Nothing but the text belongs in the answer: the listing below, copied exactly, without pictures.

START AVAILABLE DATA

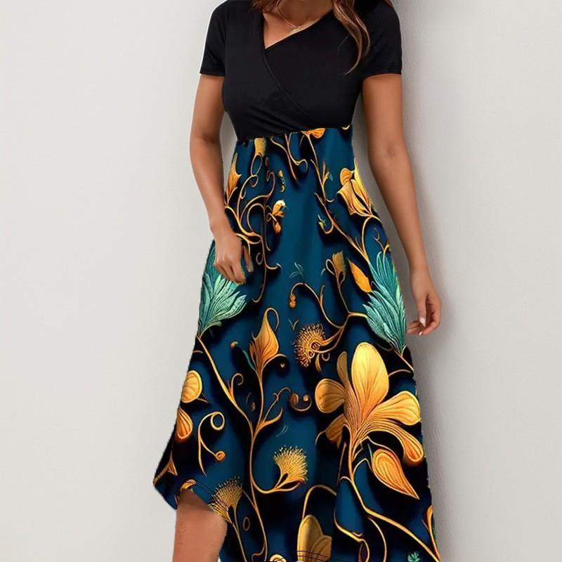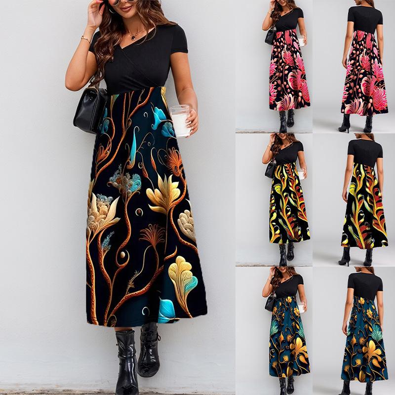 Новый 3D цветочный принт без рукавов жилет длинный женский короткий рукав платье летние длинные свободные платья
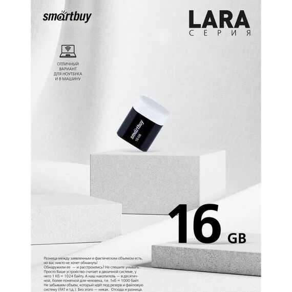Компактный флэш-накопитель LARA , объем 16 ГБ, интерфейс подключения USB 2.0, скорость чтения данных 15 МБ/с, скорость записи данных 5 МБ/с, материал корпуса - пластик
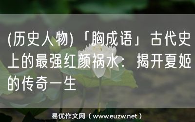 易優(yōu)作文網(wǎng)——(歷史人物)「胸成語」古代史上的最強(qiáng)紅顏禍水:揭開夏姬的傳奇一生
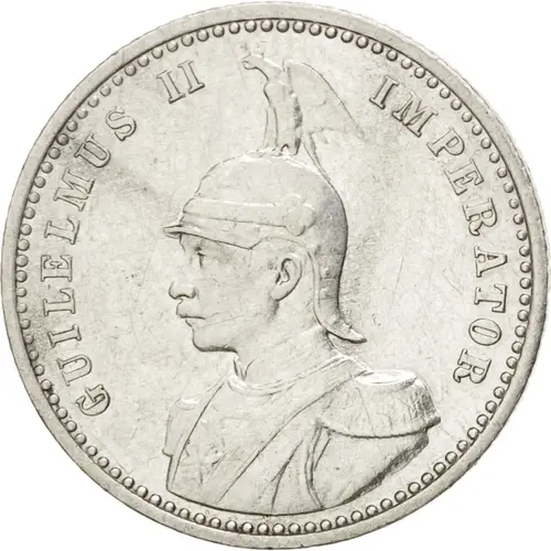 | توضیحات روی سکه | Bust of William II in military uniform facing right and wearing the Prussian helmet topped by a crowned Hohenzollern eagle. |

END AVAILABLE DATA

_WRITTEN RESPONSE_:
 Новый 3D цветочный принт без рукавов жилет длинный женский короткий рукав платье летние длинные свободные платья
Компактный флэш-накопитель LARA , объем 16 ГБ, интерфейс подключения USB 2.0, скорость чтения данных 15 МБ/с, скорость записи данных 5 МБ/с, материал корпуса - пластик
 易優(yōu)作文網(wǎng)——(歷史人物)「胸成語」古代史上的最強(qiáng)紅顏禍水:揭開夏姬的傳奇一生
 | توضیحات روی سکه | Bust of William II in military uniform facing right and wearing the Prussian helmet topped by a crowned Hohenzollern eagle. |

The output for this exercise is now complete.